With my_ipcc.<volume>.<chapter> the bonsai_ipcc package follows the structure of the IPCC guidelines. To show the elementary equations and sequences of a certain chapter in a specific volume:

dir(my_ipcc.waste.swd.elementary)
# dir(my_ipcc.waste.swd.sequence)

To find information about a elementary equation:

help(my_ipcc.waste.swd.elementary.ddoc_from_wd_data)

The following will print the docstring with information on the parameters and the reqiured units:

Help on function ddoc_from_wd_data in module bonsai_ipcc.waste.swd.elementary:

ddoc_from_wd_data_tier1(waste, doc, doc_f, mcf)
    Equation 3.2 (tier 1)

    Calculates the decomposable doc (ddocm) from waste disposal data.

    Argument
    ---------
    waste (tonnes) : float
        Amount of waste
        (either wet or dry-matter, but attention to doc!)
    doc (kg/kg) : float
        Fraction of degradable organic carbon in waste.
    doc_F (kg/kg) : float
        Fraction of doc that can decompose.
    mcf (kg/kg) : float
        CH4 correction factor for aerobic decomposition in the year of decompostion.

    Returns
    -------
    VALUE: float
        Decomposable doc (tonnes/year)

To show the dimensions of a certain parameter:

my_ipcc.waste.swd.parameter.mcf.index.names
FrozenList(['swds_type', 'property'])

To find the possible values of a dimension:

my_ipcc.waste.swd.dimension.swds_type.index
Index(['managed', 'managed_well_s-a', 'managed_poorly_s-a', 'managed_well_a-a',
       'managed_poorly_a-a', 'unmanaged_deep', 'unmanaged_shallow',
       'uncharacterised'],
      dtype='object', name='code')

To retrieve the value and the unit of a certain parameter.

my_ipcc.waste.swd.parameter.mcf.loc[("managed","def")]
value      1.0
unit     kg/kg
Name: (managed, def), dtype: object

Run a tier sequence

Despite the fact that various default data for parameter tables is provided within the bonsai_ipcc package, in most cases, the user still needs to collect data to calculate the greenhouse gas inventories.
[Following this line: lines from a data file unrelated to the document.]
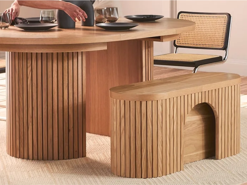 Elegantly designed, effortlessly extendable. Our most luxurious expandable dining sets seat up to 10 and feature built in storage compartments. Crisp, clean lines and refined wooden detailing will make this table the focal point of any room.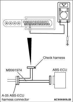 (1)Disconnect the ABS-ECU connector, connect special tool ABS check harness (MB991951)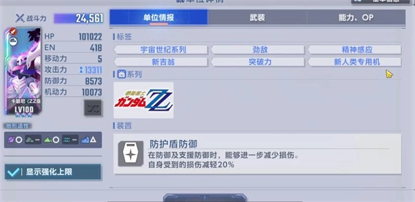 4、游戏中不同稀有度的机体等级上限也不一样,最高为UR可以升至100级。其他品质的机体可以通过开发路线图来获得SP化芯片,这样可以将UR以外的机体SP化,并且将等级上限提升至100。
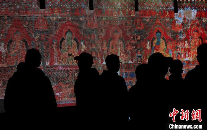 5月18日是第49個(gè)國際博物館日,今年的主題是“快速變化社會(huì)中的博物館未來”,西藏博物館迎來參觀熱潮。圖為觀眾在西藏博物館內(nèi)欣賞阿里古格經(jīng)典壁畫數(shù)字化成果展。中新社記者 李林 攝
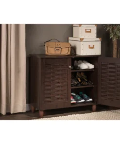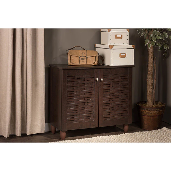 Neatly store your shoes in an organized manner with the Winda shoe cabinet. The shoe rack has ample shelving space to store your footwear while the doors keep the shoes out of sight for a piece of mind. These shoe cabinets are made of engineered wood, a range of derivative wood products which are manufactured by binding or fixing the strands, particles, fibers, or veneers or boards of wood, together with adhesives, or other methods of fixation to form composite materials., which is known for its practicality of everyday use. The wooden shoe cabinets' design and finish give these cabinets a grand and classic look to hold all of your entryway essentials. The shoe cabinet requires assembly.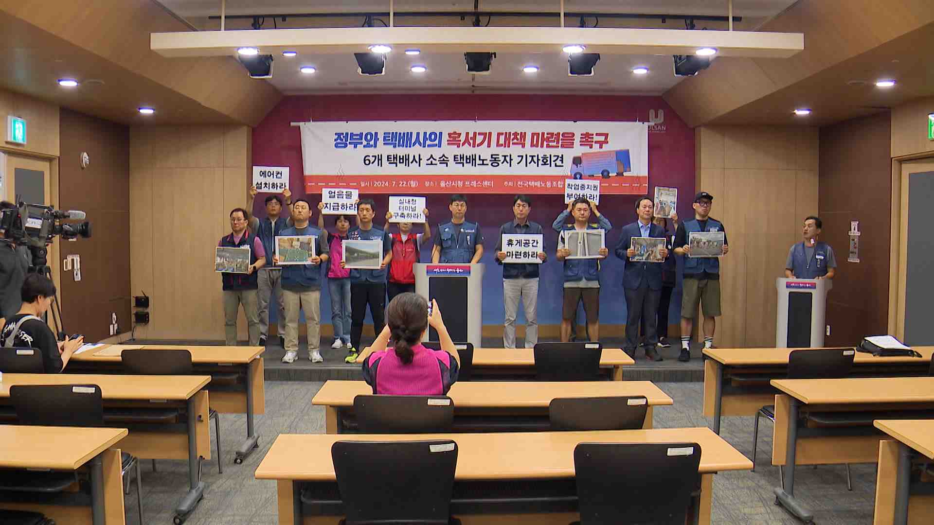 전국택배노동조합 울산지부는 오늘(7/22) 울산시청 프레스센터에서 혹서기 대책을 마련하는 기자회견을 열었습니다. 노조는 여름철에 택배 터미널 시설의 실내 온도가 40도를 오르내리지만 선풍기에만 의존해서 작업해 폭염 위험에 노출돼 있다며, 노상에 지붕만 설치한 형태의 택배터미널을 실내형으로 변경하고 공장형 에...
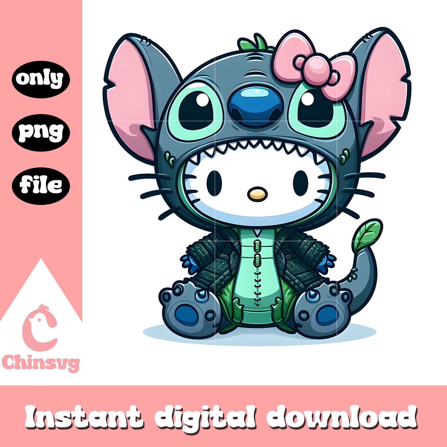 Kitty cat cosplay green stitch png, hello kitty halloween png

For the tier1_co2 sequence in the incineration chapter of volume waste, data for urban population is required. The data can be added as a pandas DataFrame.

import bonsai_ipcc
import pandas as pd

# urban population
d = {
    "year": [2010,2010,2010,2010,2010],
    "region": ["DE","DE","DE","DE","DE"],
    "property": [
        "def","min","max","abs_min","abs_max"
    ],
    "value": [
        62940432,61996325.52,63884538.48,0.0,"inf",
    ],
    "unit": [
    "cap/yr","cap/yr","cap/yr","cap/yr","cap/yr",
    ],
}
urb_pop = pd.DataFrame(d).set_index(["year", "region", "property"])

my_ipcc=bonsai_ipcc.IPCC()
my_ipcc.waste.incineration.parameter.urb_population=urb_pop

NOTE: When adding own data, the user is encouraged to also specify uncertainty information. Property "def" is always required and specifies the mean value. For uncertainty analysis "min", "max", "abs_min" and "abs_max" are required ("min": 2.5 percentile, "max": 97.5 percentile, "abs_min": absolute minimum, "abs_max": absolute maximum).
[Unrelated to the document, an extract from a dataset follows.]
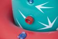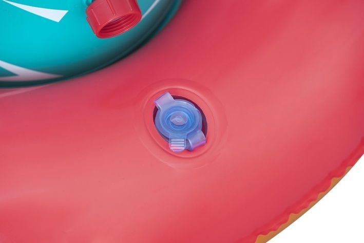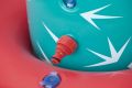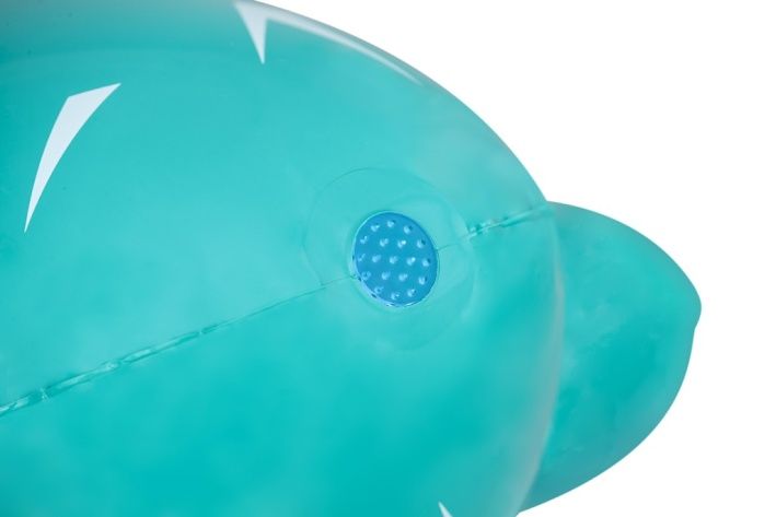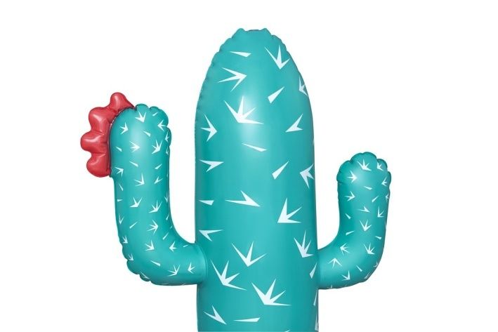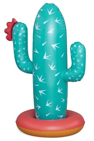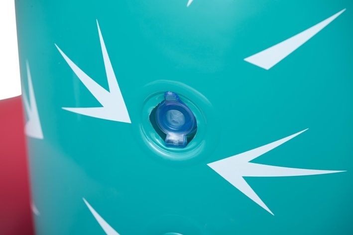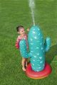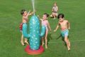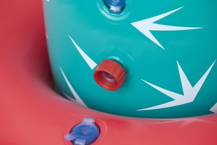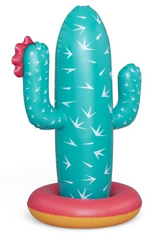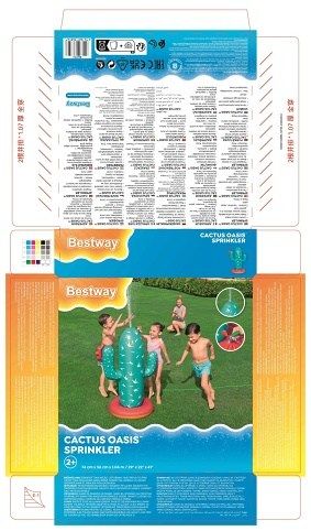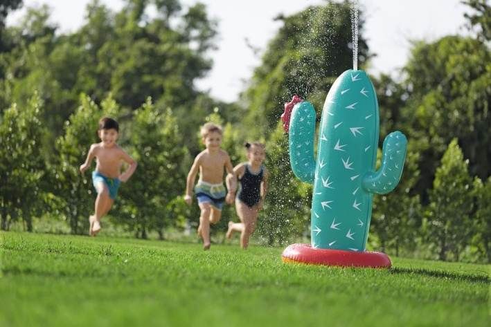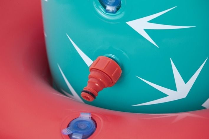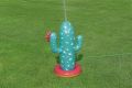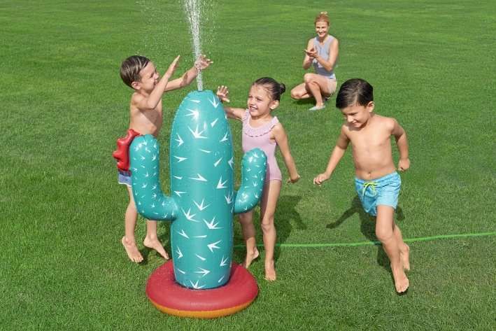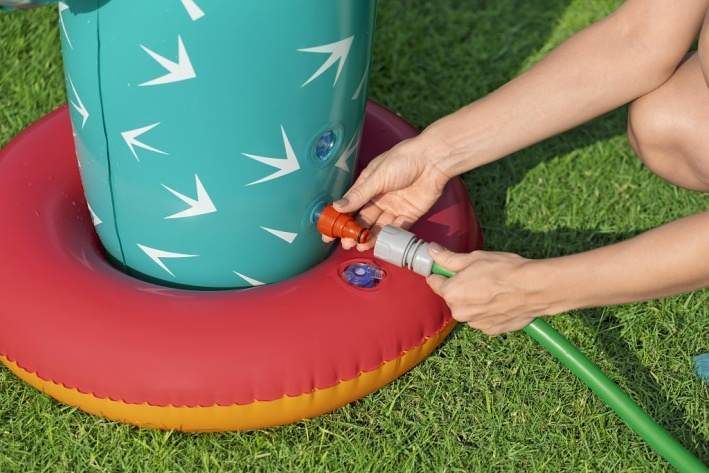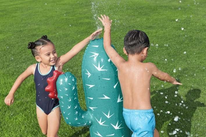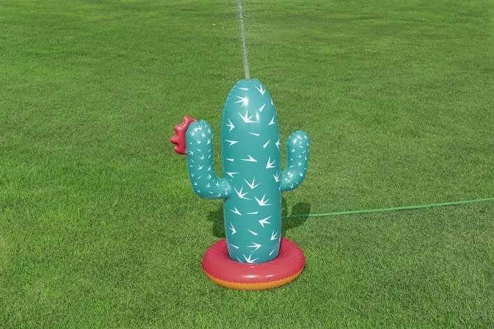 Kaktus s rozstřikovačem o rozměrech 74 × 56 × 104 cm je nafukovací venkovní hračka určená pro děti od 2 let. Tento produkt je navržen v podobě stylizovaného kaktusu v tyrkysové barvě s bílými bodlinami a červeným květem na jedné z ramen, což mu dodává veselý a hravý vzhled. Stabilitu zajišťuje nafukovací základna v červené a oranžové barvě, která se dá naplnit vodou, čímž se zabrání převrácení během používání. Materiál je odolný PVC, který je vhodný pro venkovní použití. Funkce rozstřikovače je jednoduchá a efektivní – kaktus je vybaven připojením na zahradní hadici, které je umístěno na těle kaktusu nad základnou. Po připojení hadice začne kaktus stříkat vodu z vrcholu, což vytváří zábavnou a osvěžující vodní clonu pro děti. Na základně jsou viditelné také ventily pro nafukování a vypouštění vzduchu a vody, které usnadňují manipulaci s hračkou. Díky jednoduchému systému připojení hadice je příprava k použití rychlá a snadná. Hračka je vhodná pro zahrady, dvorky nebo jiné venkovní prostory, kde děti mohou bezpečně a zábavně trávit čas při hře s vodou. Obrázky na obalu i fotografie v reálném použití ukazují, že kaktus je ideální pro skupiny dětí, které si mohou hrát společně, běhat kolem a užívat si příjemné ochlazení během horkých letních dnů. Celkově je kaktus s rozstřikovačem praktickou a hravou pomůckou pro aktivní venkovní zábavu.

To get a list of all parameters involved in the sequence, you can do:

my_ipcc.inspect(my_ipcc.waste.incineration.sequence.tier1_co2)
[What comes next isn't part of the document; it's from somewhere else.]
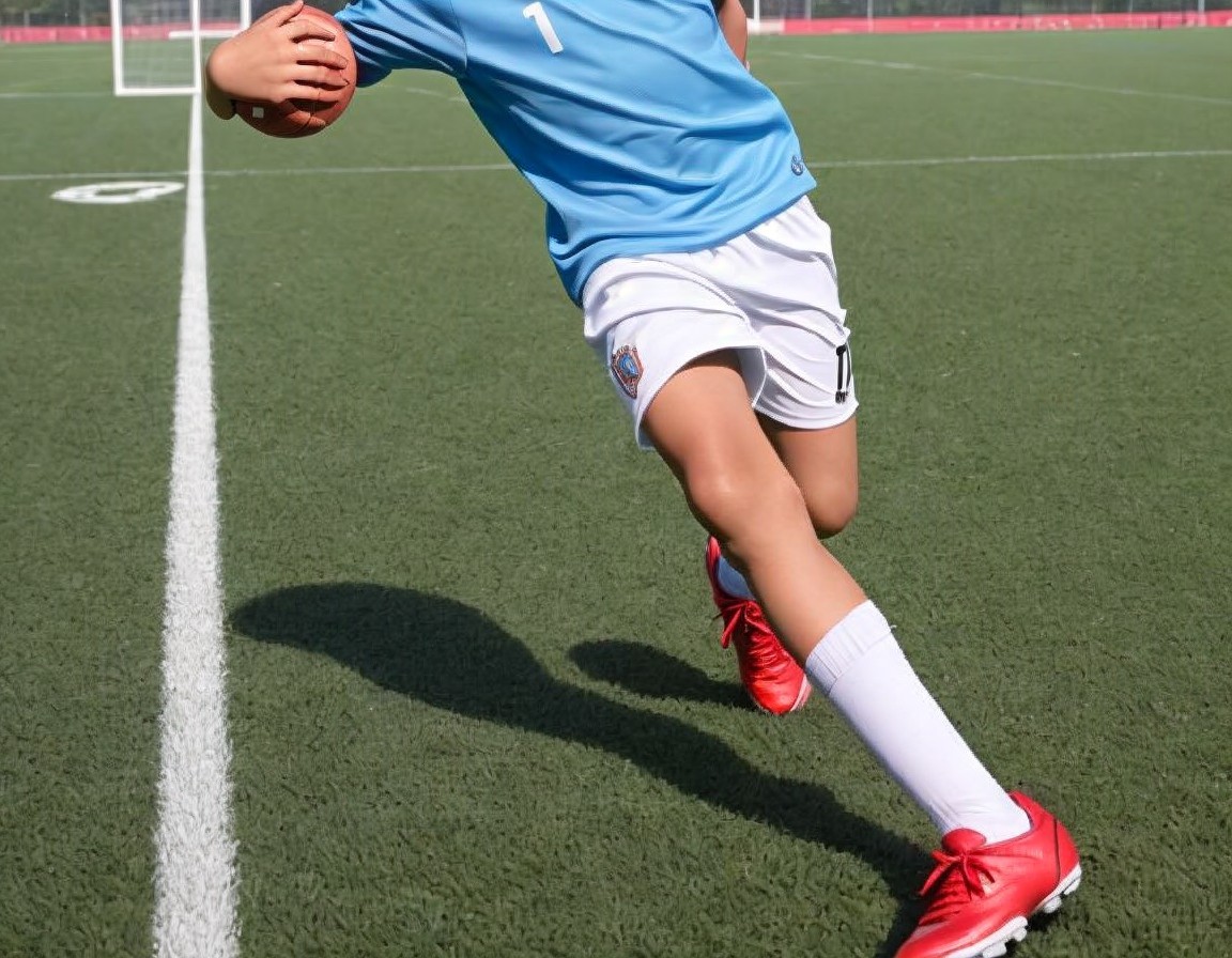 A soccer player in a blue jersey and white shorts dribbles a bright orange ball on a green field, showcasing dynamic movement and athletic energy.

To calculate the GHG inventory based on a tier method, specifiy the keywords of the sequence:

my_tier = my_ipcc.waste.incineration.sequence.tier1_co2(
          year=2010, region="DE",wastetype="msw_plastics", incintype="inc_unspecified", uncertainty="def")

# show the list of steps of the sequence
my_tier.__dict__

For uncertainty calculation based on Monte Carlo use uncertainty="monte_carlo", for analytical error propagation use uncertainty="analytical".

To retrieve the result's value of a sequence's step, type:

my_tier.co2_emissions.value

NOTE: The type of value depends on the uncertainty assessment. For uncertainty = "def": type = float, for uncertainty = "analytical": type = ufloat and for uncertainty = "monte-carlo": type = numpy.array. Furthermore, some tier sequences provide time series instead of one single value. If so, value is of type numpy.array, including the values for different years. The type of each years' value also depend on the uncertainty assessment.